There are many, many examples of artificial intelligence builders acquiring massive data sets through questionable means in order to train their models. OpenAI According to reports transcribed more than a million hours of YouTube video without YouTube’s blessing—or the blessing of the creators—to power the flagship GPT-4 model. Google recently expanded its terms of service in part to allow public use of Google Docs, restaurant reviews on Google Maps, and other online material for its AI products. And Meta is said to have considered risking lawsuits trains her models to IP-protected content.

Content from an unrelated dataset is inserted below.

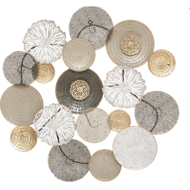 Composée d'une multitude de disques en métal de différentes tailles et textures reliés entre eux par un fil, la déco murale se pare de finitions métallisées pour mieux illuminer votre intérieur. Filigrane, découpes, reliefs, la sculpture murale semble sortir de l'atelier d'un artisan d'art.
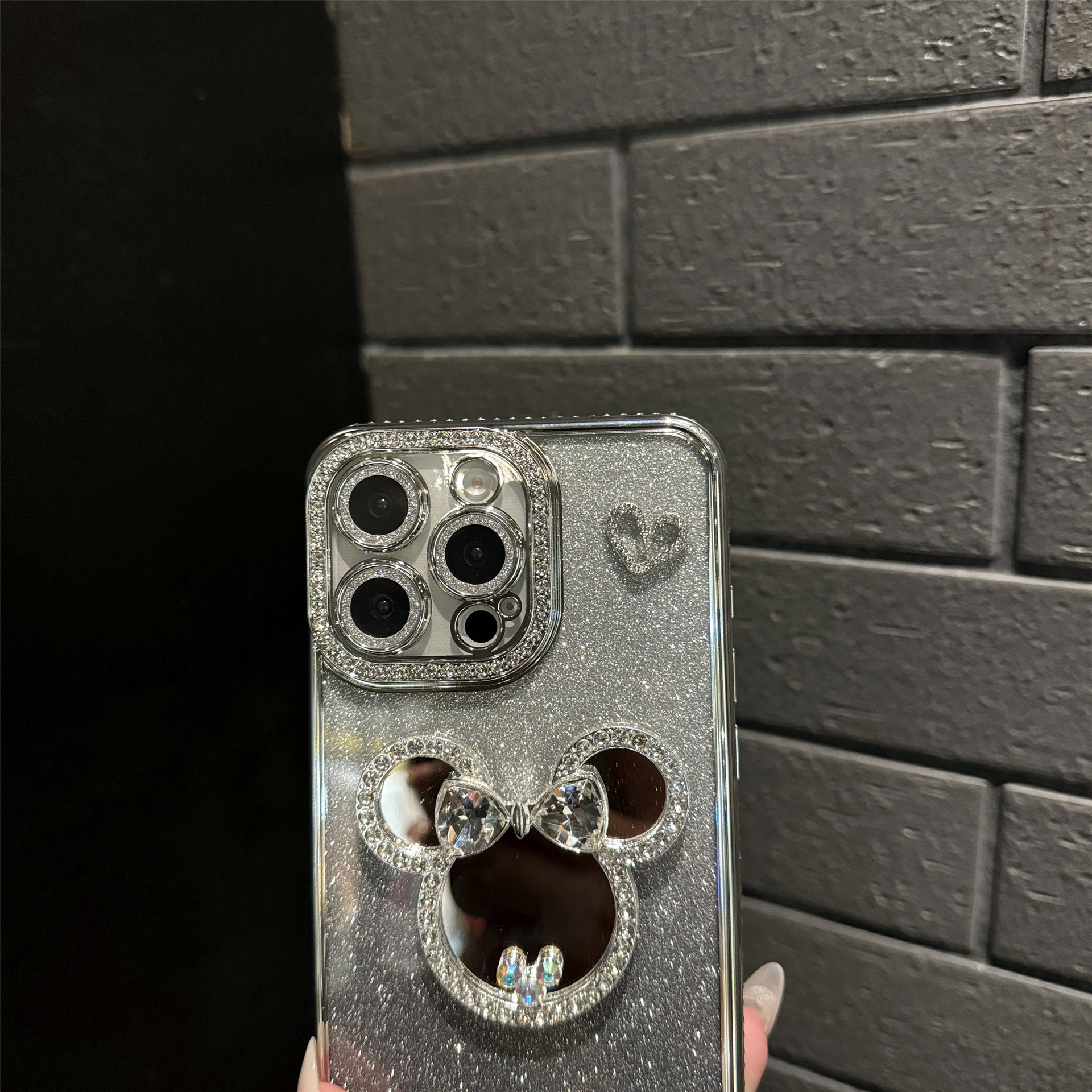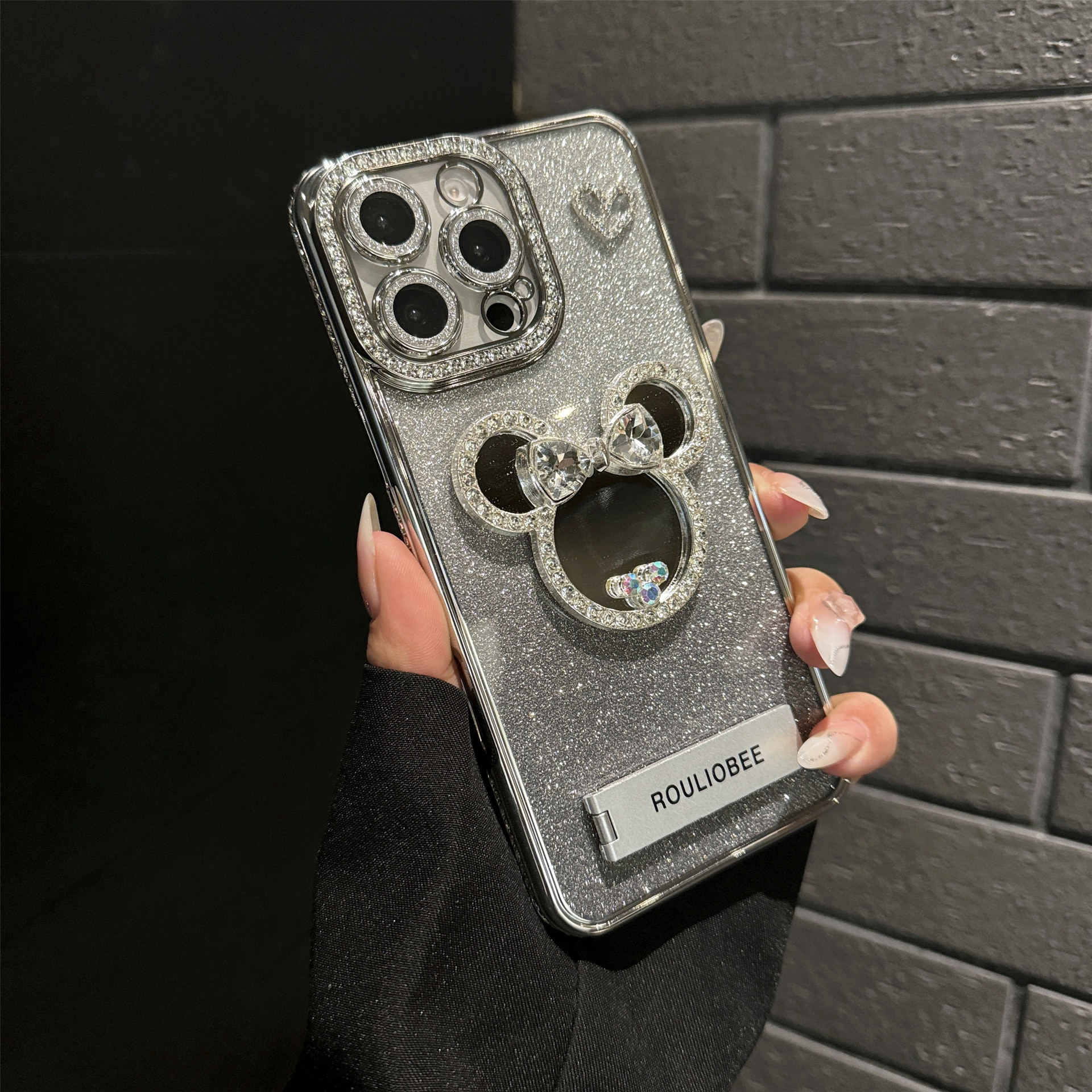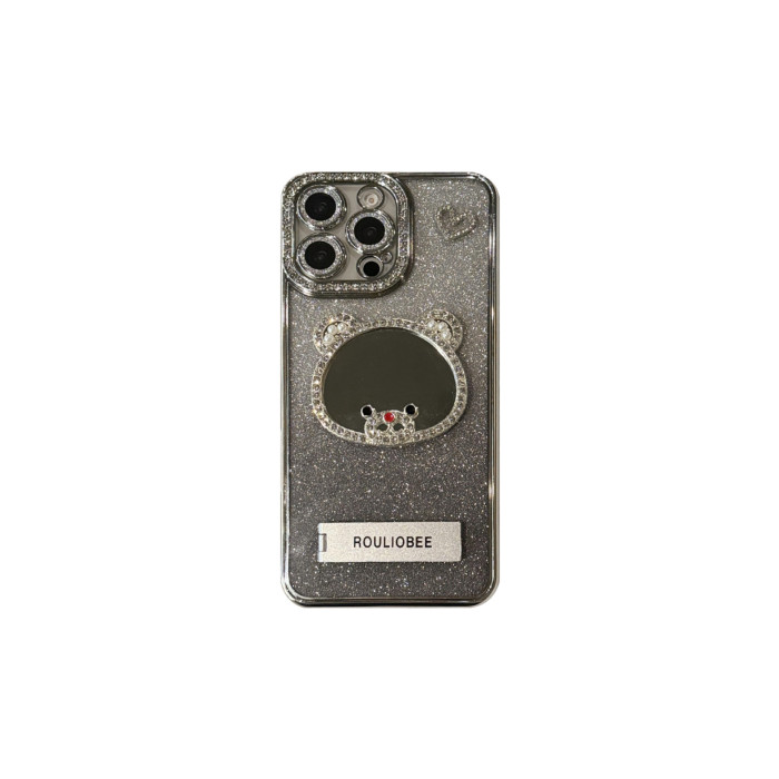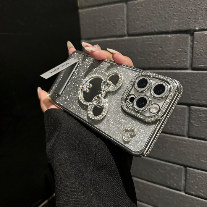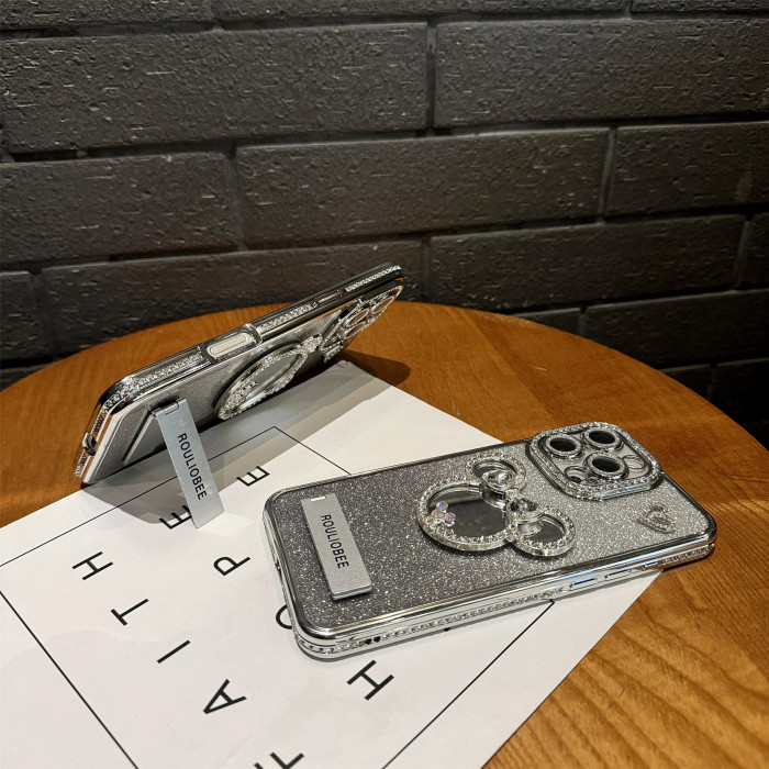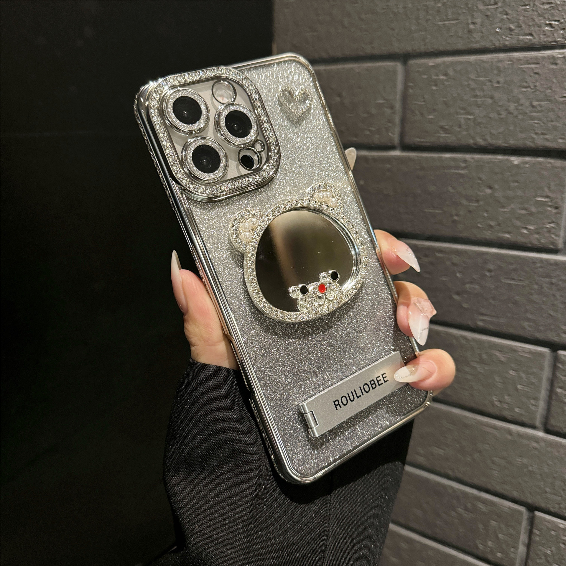 閃粉鏡子支架手機殼適用iphone17promax蘋果16邊框鑲鑽14帶鏡頭膜

Meanwhile, large and small companies rely workers in third world countries paid only a few dollars an hour to create annotations for training sets. Some of these commenters — employed by mammoth startups like Scale AI — work literally days to complete tasks that expose them to graphic depictions of violence and gore with no benefits or guarantees of future gigs.
Rising costs
In other words, even the above data offerings aren’t exactly conducive to an open and fair AI ecosystem.
OpenAI has spent hundreds of millions of dollars licensing content from news publishers, media libraries, and more to train its AI models — a budget far larger than that of most academic research groups, nonprofits, and startups. Meta went so far as to weigh a takeover of publisher Simon & Schuster for the rights to e-book excerpts (eventually, Simon & Schuster sold to private equity firm KKR for $1.62 billion in 2023).
With the purchase of AI training data to be expected cultivate from about $2.5 billion now to nearly $30 billion within a decade, data brokers and platforms are rushing to charge top dollar — in some cases over the objections of their user bases.
Media library provided by Shutterstock inked deals with AI vendors ranging from $25 million to $50 million, while Reddit claims to have made hundreds of millions from licensing data to organizations like Google and OpenAI. Few platforms with abundant data accumulated organically over the years they do not have He signed deals with prolific AI developers, it seems — from Photobucket to Tumblr to Q&A site Stack Overflow.
It’s the platforms’ data for sale — at least depending on the legal arguments you believe. But in most cases, users don’t see a single penny of the earnings. And it hurts the wider AI research community.
“Smaller players will not be able to afford these data licenses and therefore will not be able to develop or study AI models,” Lo said. “I am concerned that this could lead to a lack of independent scrutiny of AI development practices.”
Independent efforts
If there is a ray of sunshine through the darkness, it is the few independent, non-profit efforts to create massive data sets that anyone can use to train a productive AI model.
EleutherAI, a non-profit grassroots research group that started as a loose Discord collective in 2020, is working with the University of Toronto, AI2, and independent researchers to create The Pile v2, a set of billions of text snippets mostly sourced from the public domain sector .
In April, the startup Hugging Face released FineWeb, a filtered version of Common Crawl—the eponymous dataset maintained by the nonprofit organization Common Crawl, consisting of billions upon billions of web pages—that Hugging Face claims improves the model’s performance on many reference points.
Some efforts to release open training datasets, such as the LAION team’s image sets, have struggled with copyright, data privacy, and more. equally serious ethical and legal challenges. But some of the most dedicated data curators are committed to doing better. Pile v2, for example, removes problematic copyrighted material found in its original dataset, The Pile.
The question is whether any of these open-source efforts can hope to keep pace with Big Tech. Since data collection and curation remains a matter of resources, the answer is probably no — at least not until some research breakthrough levels the playing field.